▼

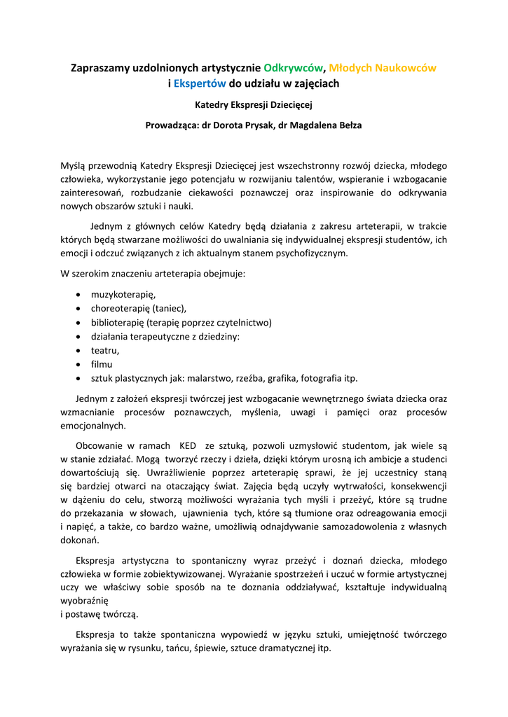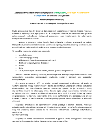 Zapraszamy uzdolnionych artystycznie Odkrywców, Młodych Naukowców i Ekspertów do udziału w zajęciach Katedry Ekspresji Dziecięcej Prowadząca: dr Dorota Prysak, dr Magdalena Bełza Myślą przewodnią Katedry Ekspresji Dziecięcej jest wszechstronny rozwój dziecka, młodego człowieka, wykorzystanie jego potencjału w rozwijaniu talentów, wspieranie i wzbogacanie zainteresowań, rozbudzanie ciekawości poznawczej oraz inspirowanie do odkrywania nowych obszarów sztuki i nauki. Jednym z głównych celów Katedry będą działania z zakresu arteterapii, w trakcie których będą stwarzane możliwości do uwalniania się indywidualnej ekspresji studentów, ich emocji i odczuć związanych z ich aktualnym stanem psychofizycznym. W szerokim znaczeniu arteterapia obejmuje: muzykoterapię, choreoterapię (taniec), biblioterapię (terapię poprzez czytelnictwo) działania terapeutyczne z dziedziny: teatru, filmu sztuk plastycznych jak: malarstwo, rzeźba, grafika, fotografia itp. Jednym z założeń ekspresji twórczej jest wzbogacanie wewnętrznego świata dziecka oraz wzmacnianie procesów poznawczych, myślenia, uwagi i pamięci oraz procesów emocjonalnych. Obcowanie w ramach KED ze sztuką, pozwoli uzmysłowić studentom, jak wiele są w stanie zdziałać. Mogą tworzyć rzeczy i dzieła, dzięki którym urosną ich ambicje a studenci dowartościują się. Uwrażliwienie poprzez arteterapię sprawi, że jej uczestnicy staną się bardziej otwarci na otaczający świat. Zajęcia będą uczyły wytrwałości, konsekwencji w dążeniu do celu, stworzą możliwości wyrażania tych myśli i przeżyć, które są trudne do przekazania w słowach, ujawnienia tych, które są tłumione oraz odreagowania emocji i napięć, a także, co bardzo ważne, umożliwią odnajdywanie samozadowolenia z własnych dokonań. Ekspresja artystyczna to spontaniczny wyraz przeżyć i doznań dziecka, młodego człowieka w formie zobiektywizowanej. Wyrażanie spostrzeżeń i uczuć w formie artystycznej uczy we właściwy sobie sposób na te doznania oddziaływać, kształtuje indywidualną wyobraźnię i postawę twórczą. Ekspresja to także spontaniczna wypowiedź w języku sztuki, umiejętność twórczego wyrażania się w rysunku, tańcu, śpiewie, sztuce dramatycznej itp. W czasie zajęć KED studenci będą mogli wyrażać swoje wewnętrzne autentyczne treści poprzez struktury estetycznie zorganizowane, które powstaną instynktownie. Założenia programowe: ekspresja ruchowo-mimiczna (gest, poza, spontaniczny ruch, taniec); ekspresja ruchowo-muzyczna (improwizowany taniec); ekspresja słowna (werbalna, modulacyjna i intonacyjna w wypowiedzi); ekspresja słowno-muzyczna (spontaniczne nucenie melodii i tekstów piosenek); ekspresja muzyczna (improwizowana gra na instrumentach); ekspresja plastyczna (samorzutne rysowanie, malowanie, lepienie, rzeźbienie); ekspresja zabawowa (synteza powyższych form ekspresji). Maksymalna ilość miejsc w grupie: 15 (Odkrywcy: 7, Młodzi Naukowcy: 5, Eksperci: 3) Zajęcia KED przewidziane są w terminach: 29 listopada 2014 13 grudnia 2014 10 stycznia 2015 24 stycznia 2015 Czas trwania zajęć wynosi 90 min, początek zajęć o godz. 15.00. Semestralny koszt udziału w zajęciach wynosi 100 zł. Opłatę prosimy przelać na rachunek Uniwersytetu Śląskiego Dzieci nr 64 1050 1214 1000 0023 4388 1542. Prosimy o umieszczenie w tytule przelewu dopisku zawierającego Imię i Nazwisko dziecka, nazwę programu (odpowiednio "Poszukiwacze", "Odkrywcy", "Naukowcy" lub "Eksperci"), a także dopisku "Grupa Twórcza - KED". Przykładowo: "Jan Kowalski, Odkrywcy, Grupa Twórcza - KED". Logowanie do grupy rozpocznie się w dniu 13 listopada 2014 o godzinie 20.00. Opłatę prosimy przelać na konto Uniwersytetu Śląskiego Dzieci do 22 listopada 2014. Dowody wpłaty prosimy przesłać e-mailem na adres UŚD.
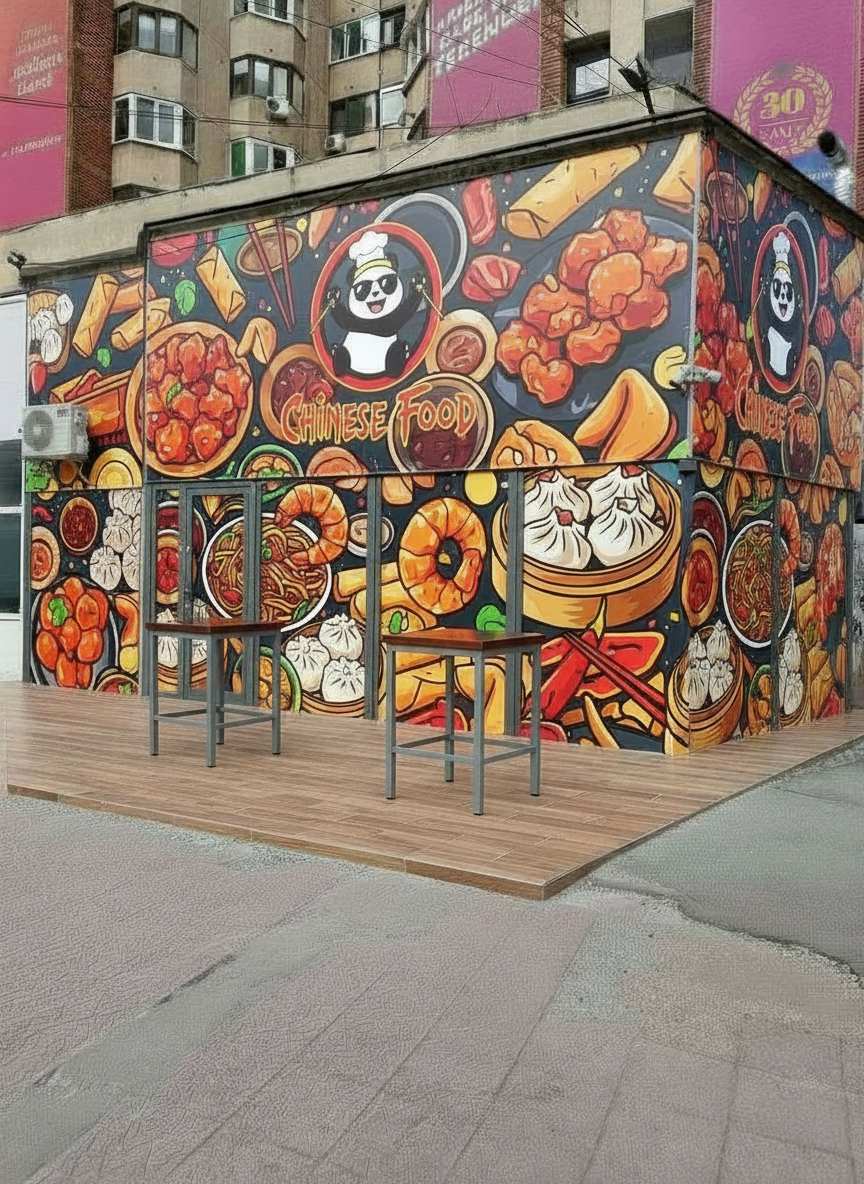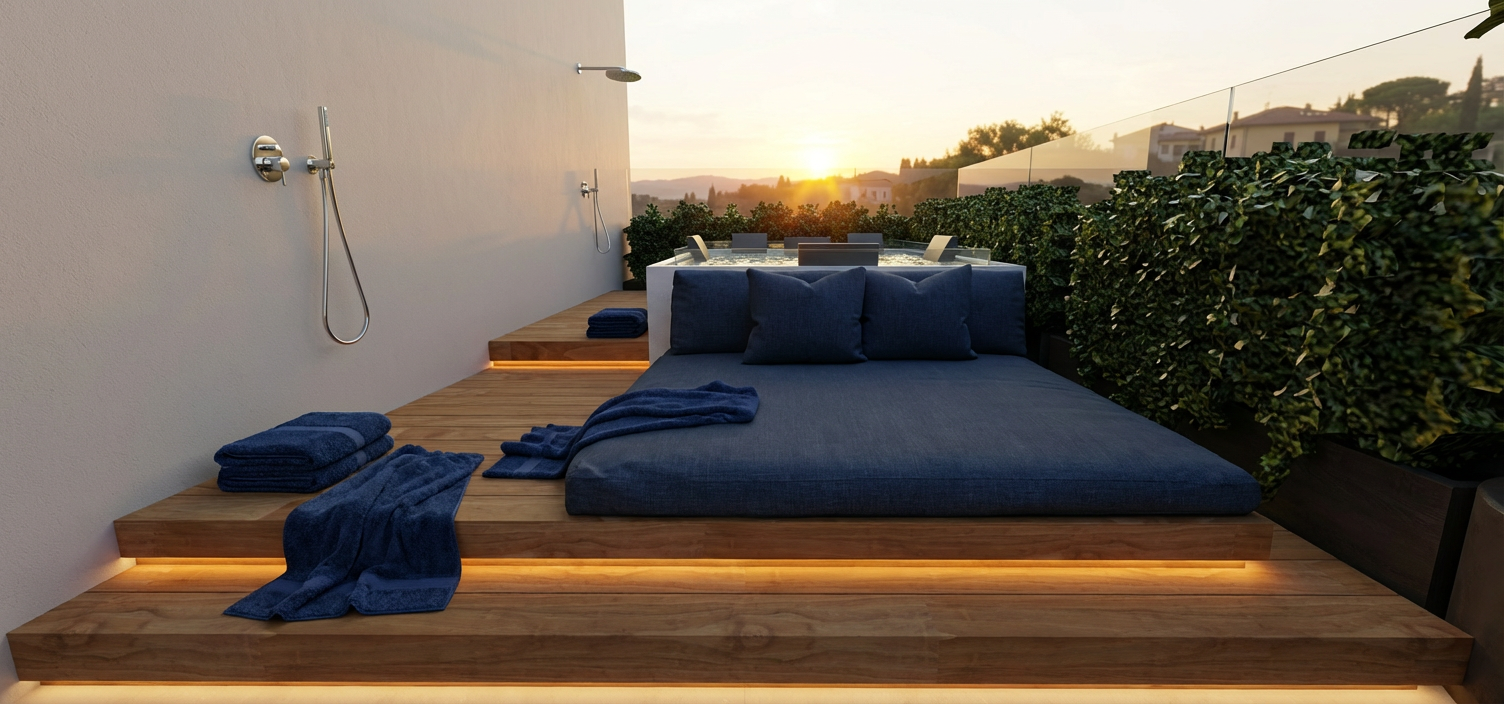 can you create a soft render with blue skies and grey metal roofing show the flooring as hardstanding in the courtyard of both buildings and green maintained grass behind the longer shed
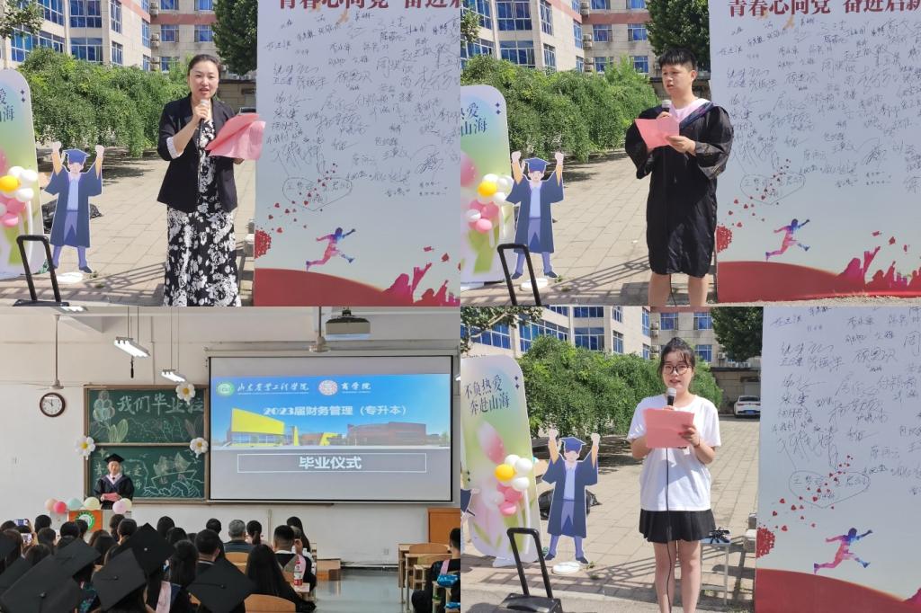 最后,连华用三句话为2023届毕业生送上毕业寄语。她首先要求同学们“穷则独善其身,达则兼济天下”,用修身齐家平天下的豪情,将个人奋斗融入到强国强省强校建设中;其次鼓励同学们用“世界以痛吻我,而我报之以歌”的心态,去克服生活中的磨砺与伤痛,永远积极向上,充满阳光;第三希望同学们秉承山工院人的优秀传统,敢为人先,以“长风破浪会有时,直挂云帆济沧海”的豪情在校友会平台上共同为母校繁荣发展贡献力量。最后她代表学院为大家送上“可口可乐“和”绿色心情“雪糕,祝福大家人生路上常常乐,事业发展步步高!
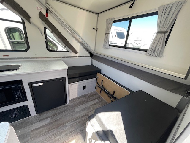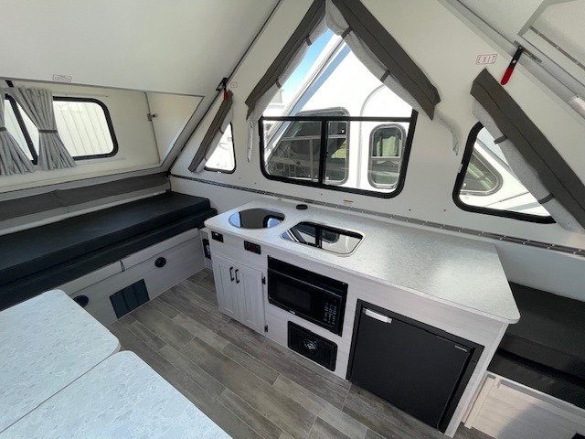 With any Expedition A-frame campers by Aliner, the construction includes a tubular steel frame that is E-coated with a powder coating on the front tongue and bumper, an Azdel lightweight, thermoplastic composite interior wall and ceiling panels, plus Performax 500 premium marine grade flooring for durability. Some extra features include high wind lift assist, additional corner windows with panoramic views, and a command A/C heat pump. Inside, there are high density foam, hypoallergenic cushions, a refrigerator with a freezer, a swivel cassette toilet, and a microwave. You will also appreciate three interior electrical outlets to keep the electronics charged and two skylights with night shades. There are available options to enhance your Expedition such as adding more interior head room with a front or rear hard dormer and/or a rear soft or hard dormer, plus you have the choice to add an outside grill.
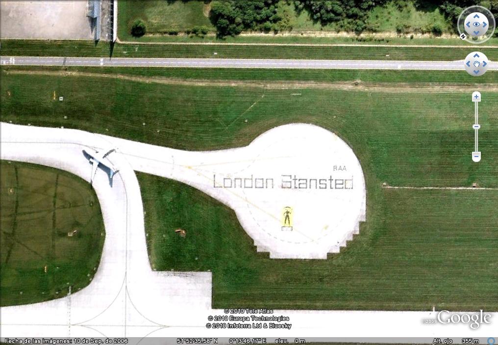 Lugares con dibujos o mensajes sobre techos de edificios o pintados en montañas. Carteles visibles desde el cielo.
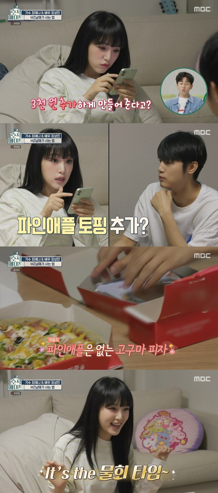 하지만 두 사람의 입맛은 상극이었다. 최예나는 고구마피자만 먹고 최성민은 고구마 피자만 안먹는 것이었다. 이에 최예나는 그동안 피자먹을 때 마다 양보했다고 억울해 하자 최성민은 고구마 피자를 시키라고 했다. 하지만 파인애플은 절대 안된다고 했다.
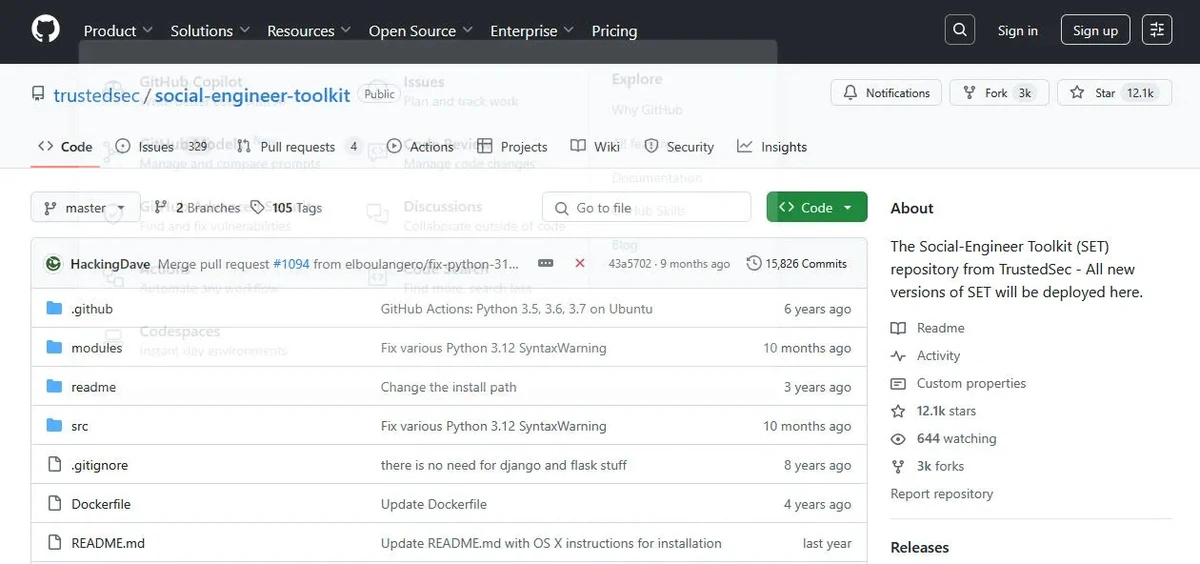 Written in Python and widely used by security professionals, SET automates the creation and execution of advanced attack vectors to assess and improve an organization’s resilience against human-targeted threats.
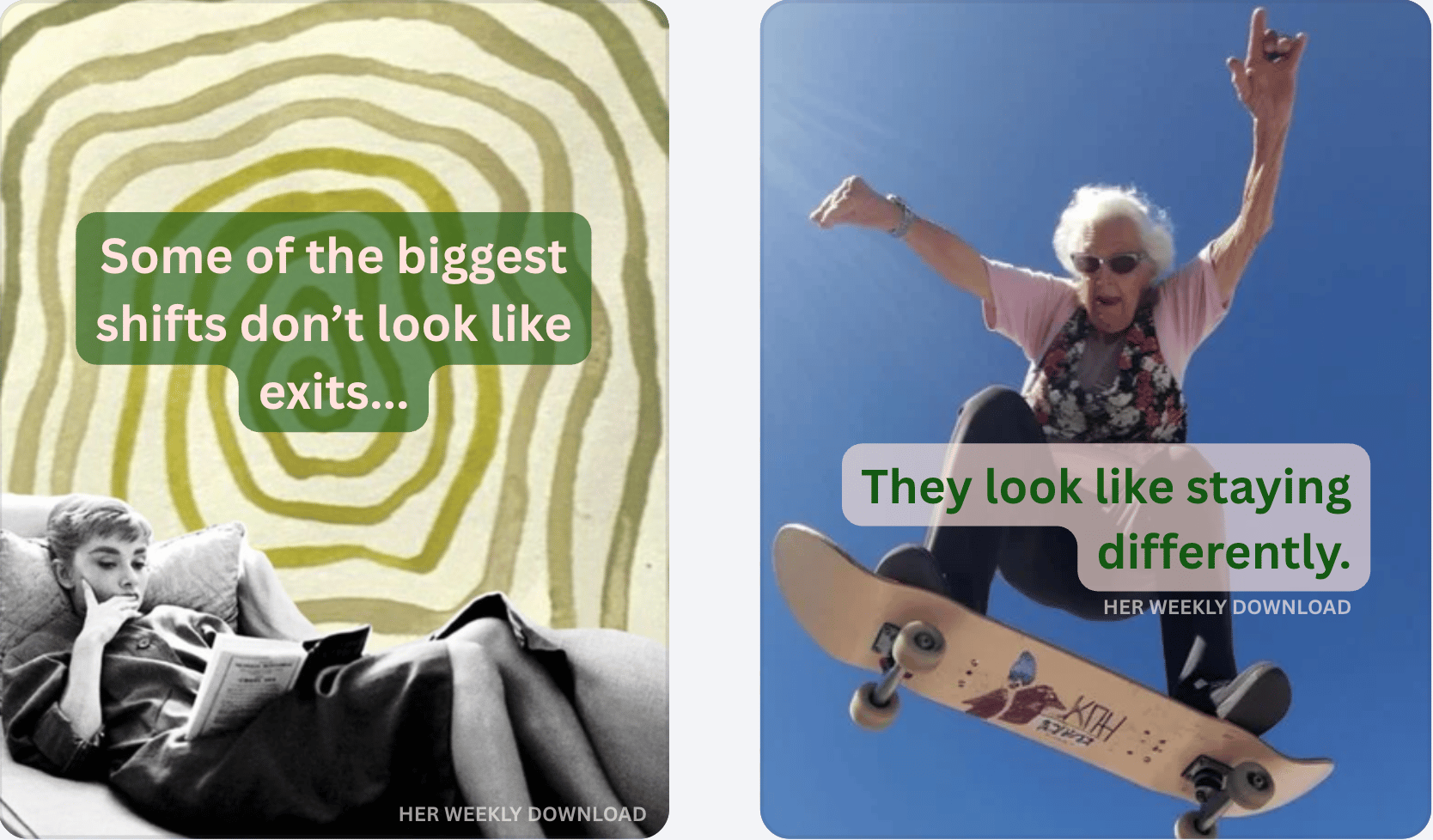Her Weekly Download arrives three times a week – for women rewriting the rules without always walking away.
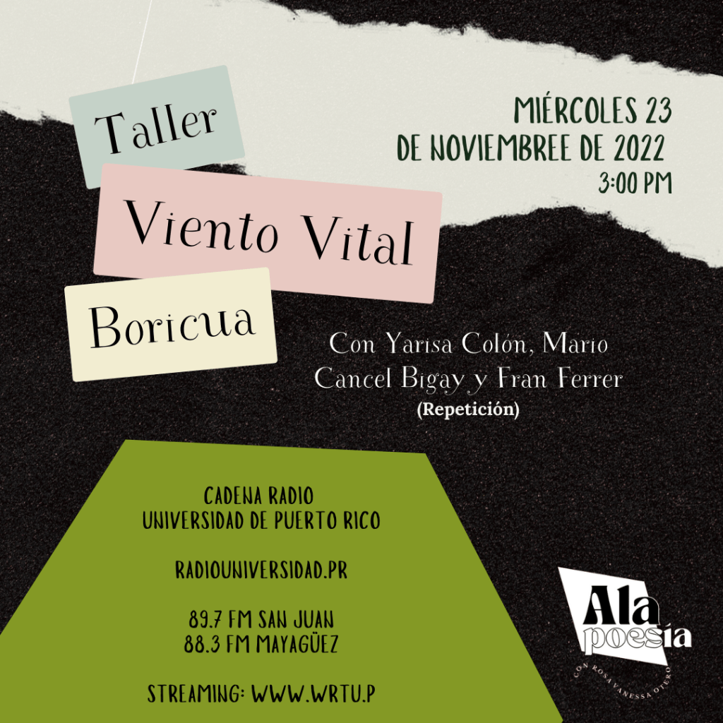 Nos acompañó en la lectura de textos la dramaturga y catedrática jubilada de la Universidad de Puerto Rico en Humacao, Carmen Zeta, cuyo libro híbrido de cuentos y poemas, titulado Amalgama tropical está en edición bajo Areté Boricua. Para disfrutar del episodio, atentos a las actualizaciones en las plataformas de podcasts de Cadena Radio Universidad de Puerto Rico en wrtu.pr
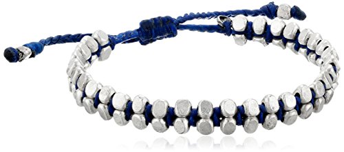 -. Title : M.Cohen Handmade Designs Double Row Sterling Silver Beads On Blue Waxed Linen Bracelet
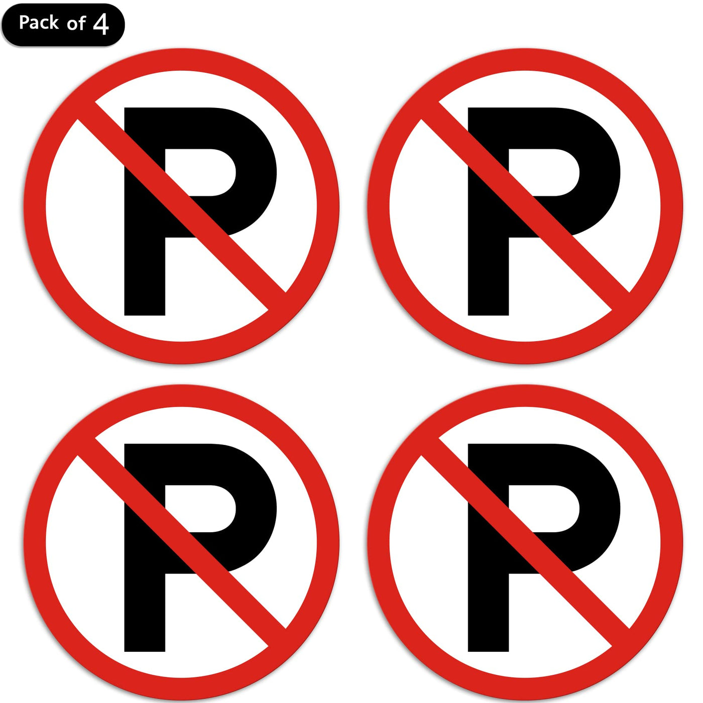dealzEpic - No Parking Sign - Self Adhesive Peel and Stick Waterproof Warning Vinyl Decal - 3.94 inches in Diameter | Pack of 4 Pcs

▲

Your answer must be the exact lines from the records above, from the one containing "Lugares con dibujos" through the one containing "하지만 두 사람의 입맛은", both included, with every picture left out.

Result:
 Lugares con dibujos o mensajes sobre techos de edificios o pintados en montañas. Carteles visibles desde el cielo.
 하지만 두 사람의 입맛은 상극이었다. 최예나는 고구마피자만 먹고 최성민은 고구마 피자만 안먹는 것이었다. 이에 최예나는 그동안 피자먹을 때 마다 양보했다고 억울해 하자 최성민은 고구마 피자를 시키라고 했다. 하지만 파인애플은 절대 안된다고 했다.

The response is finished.